[Question] What’s actually going on in the “mind” of the model when we fine-tune GPT-3 to InstructGPT?

I posted in the open thread and was told that it would be worth promoting to top level.

cubefox responded with a link to an great explanation of how the fine-tuning is done, which made me realize that my original question was unclear, so I’m going to try to clarify.

The fundamental behavior of GPT-3 is token prediction, which can straightforwardly be leveraged into text completion; in contrast, the fundamental behavior of InstructGPT is instruction following. Instruction following is a new capability that uses the knowledge from the token prediction task to produce output as well as to understand input; how does that capability develop?

Some plausible experiments related to the question:

  • Follow a similar methodology to fine-tune a predictive model for instruction following, checkpointing along the way; for 100 (or even more) novel instruction prompts, see how the different checkpoints respond (in particular, how often they do completion vs instruction following).

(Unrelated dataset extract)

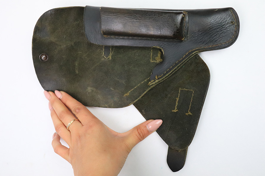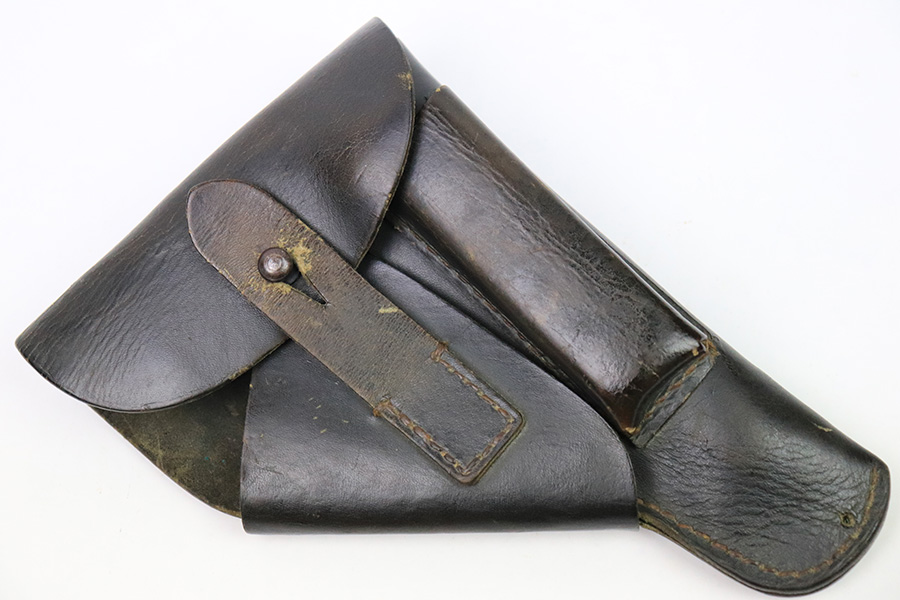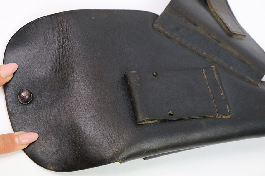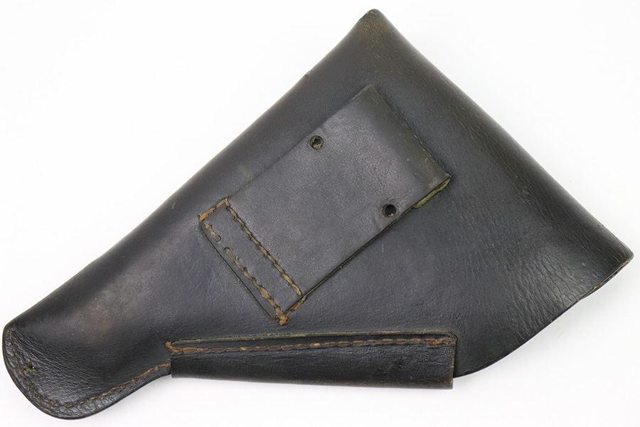 12/13/22 – This is an unmarked 7.65mm holster for a Walther PP or similar sized 7.65mm pistol. The holster features slightly green colored leather, which is often paired with / attributed to the German Forestry Police. The holster has aged leather with surface wrinkling and signs of previous use but no excessive wear. No markings or stamps. Excellent original stitching throughout.

  • Given a prompt P, which produces completion C when fed into the fine-tuned model, try to find a prompt P' that produces C when fed into the original model.

  • Fine-tune twice with the same data and reward model, but in a different order; presumably the models will have different weights, but can we find prompts that give widely diverging results? If we have two checkpoint histories, at which point does the behavior diverge?